# [Exercise goal]
An exact copy of the data is needed, but without any of its images.

# [Data for the task]
►
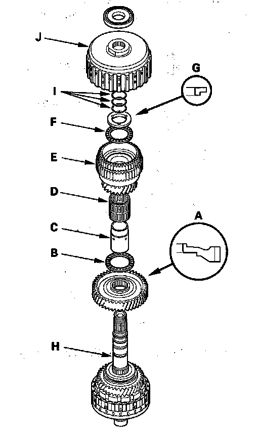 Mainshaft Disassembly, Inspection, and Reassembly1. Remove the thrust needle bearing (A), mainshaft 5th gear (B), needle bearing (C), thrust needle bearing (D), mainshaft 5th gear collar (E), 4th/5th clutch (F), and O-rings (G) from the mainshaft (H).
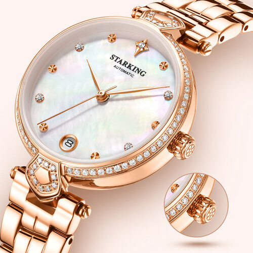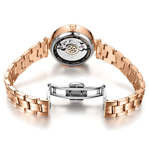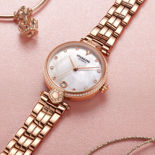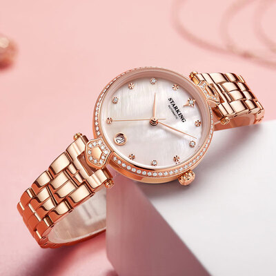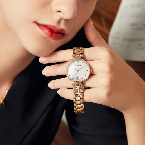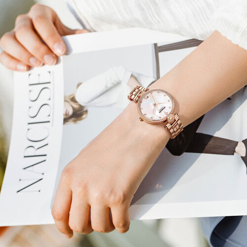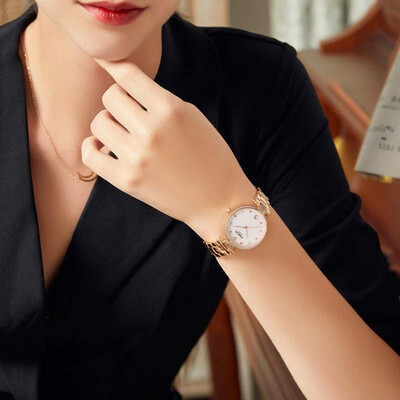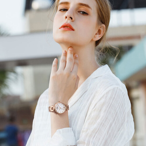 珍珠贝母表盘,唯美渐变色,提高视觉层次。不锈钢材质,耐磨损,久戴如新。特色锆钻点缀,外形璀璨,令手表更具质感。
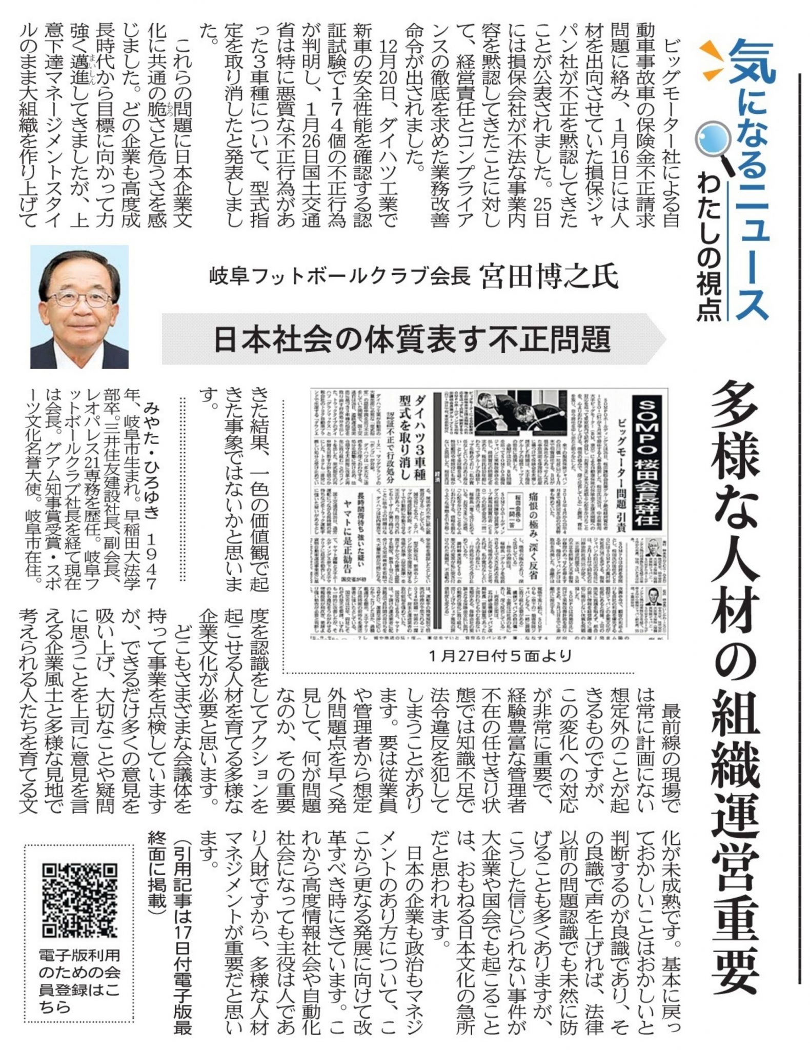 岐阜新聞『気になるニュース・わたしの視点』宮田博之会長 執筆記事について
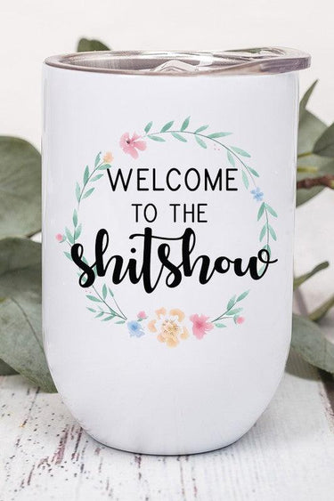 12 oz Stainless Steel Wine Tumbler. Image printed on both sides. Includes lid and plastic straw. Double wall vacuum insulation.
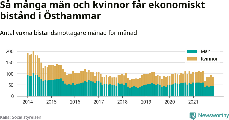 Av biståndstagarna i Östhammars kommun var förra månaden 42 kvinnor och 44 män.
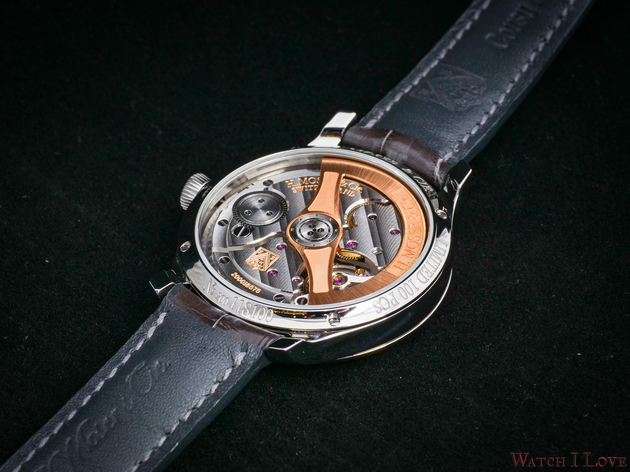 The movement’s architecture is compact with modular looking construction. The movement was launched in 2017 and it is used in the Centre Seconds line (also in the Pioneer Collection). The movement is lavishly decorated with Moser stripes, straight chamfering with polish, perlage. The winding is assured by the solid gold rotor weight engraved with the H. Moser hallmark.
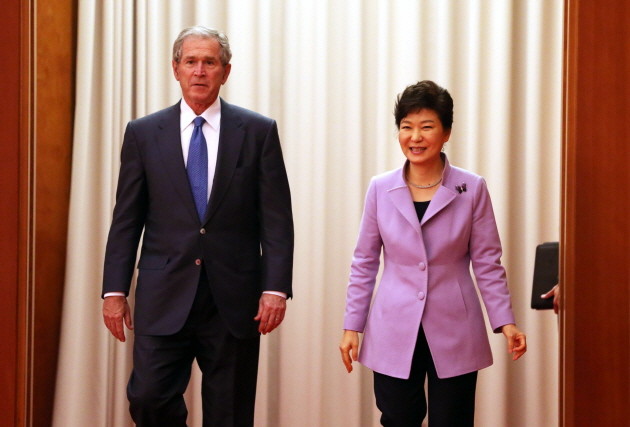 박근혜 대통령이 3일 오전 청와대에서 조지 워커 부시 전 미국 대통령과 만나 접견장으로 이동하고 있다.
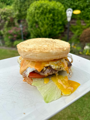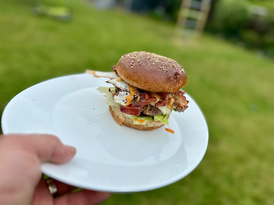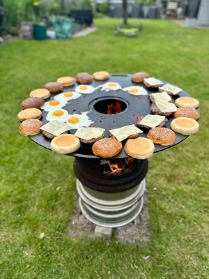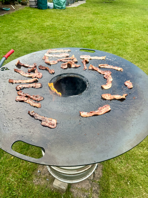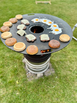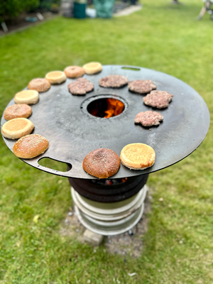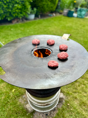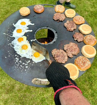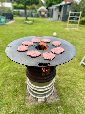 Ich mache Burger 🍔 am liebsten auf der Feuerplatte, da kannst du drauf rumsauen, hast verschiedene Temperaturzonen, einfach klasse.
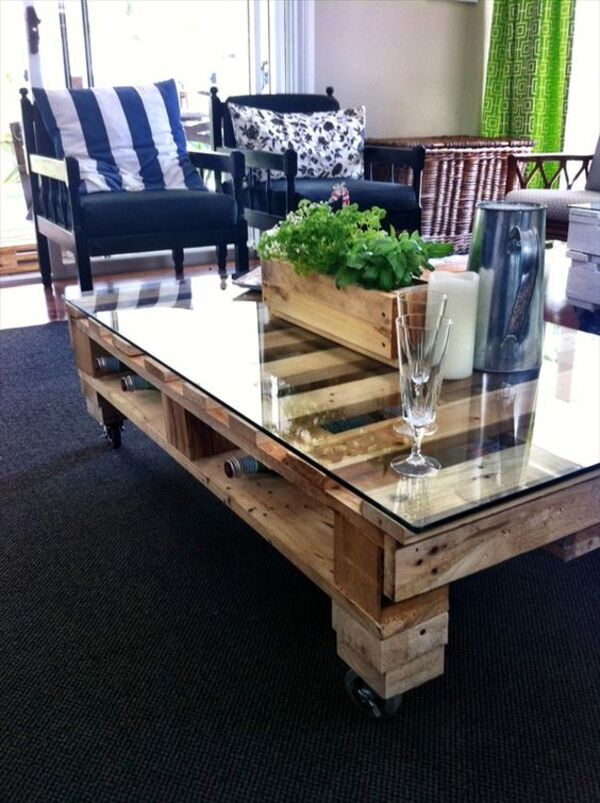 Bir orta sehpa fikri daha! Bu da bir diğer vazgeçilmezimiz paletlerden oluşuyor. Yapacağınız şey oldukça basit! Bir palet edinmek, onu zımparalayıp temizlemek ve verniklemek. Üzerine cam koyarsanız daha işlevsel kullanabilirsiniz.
◄
# [Answer below]
 Mainshaft Disassembly, Inspection, and Reassembly1. Remove the thrust needle bearing (A), mainshaft 5th gear (B), needle bearing (C), thrust needle bearing (D), mainshaft 5th gear collar (E), 4th/5th clutch (F), and O-rings (G) from the mainshaft (H).
 珍珠贝母表盘,唯美渐变色,提高视觉层次。不锈钢材质,耐磨损,久戴如新。特色锆钻点缀,外形璀璨,令手表更具质感。
 岐阜新聞『気になるニュース・わたしの視点』宮田博之会長 執筆記事について
 12 oz Stainless Steel Wine Tumbler. Image printed on both sides. Includes lid and plastic straw. Double wall vacuum insulation.
 Av biståndstagarna i Östhammars kommun var förra månaden 42 kvinnor och 44 män.
 The movement’s architecture is compact with modular looking construction. The movement was launched in 2017 and it is used in the Centre Seconds line (also in the Pioneer Collection). The movement is lavishly decorated with Moser stripes, straight chamfering with polish, perlage. The winding is assured by the solid gold rotor weight engraved with the H. Moser hallmark.
 박근혜 대통령이 3일 오전 청와대에서 조지 워커 부시 전 미국 대통령과 만나 접견장으로 이동하고 있다.
 Ich mache Burger 🍔 am liebsten auf der Feuerplatte, da kannst du drauf rumsauen, hast verschiedene Temperaturzonen, einfach klasse.
 Bir orta sehpa fikri daha! Bu da bir diğer vazgeçilmezimiz paletlerden oluşuyor. Yapacağınız şey oldukça basit! Bir palet edinmek, onu zımparalayıp temizlemek ve verniklemek. Üzerine cam koyarsanız daha işlevsel kullanabilirsiniz.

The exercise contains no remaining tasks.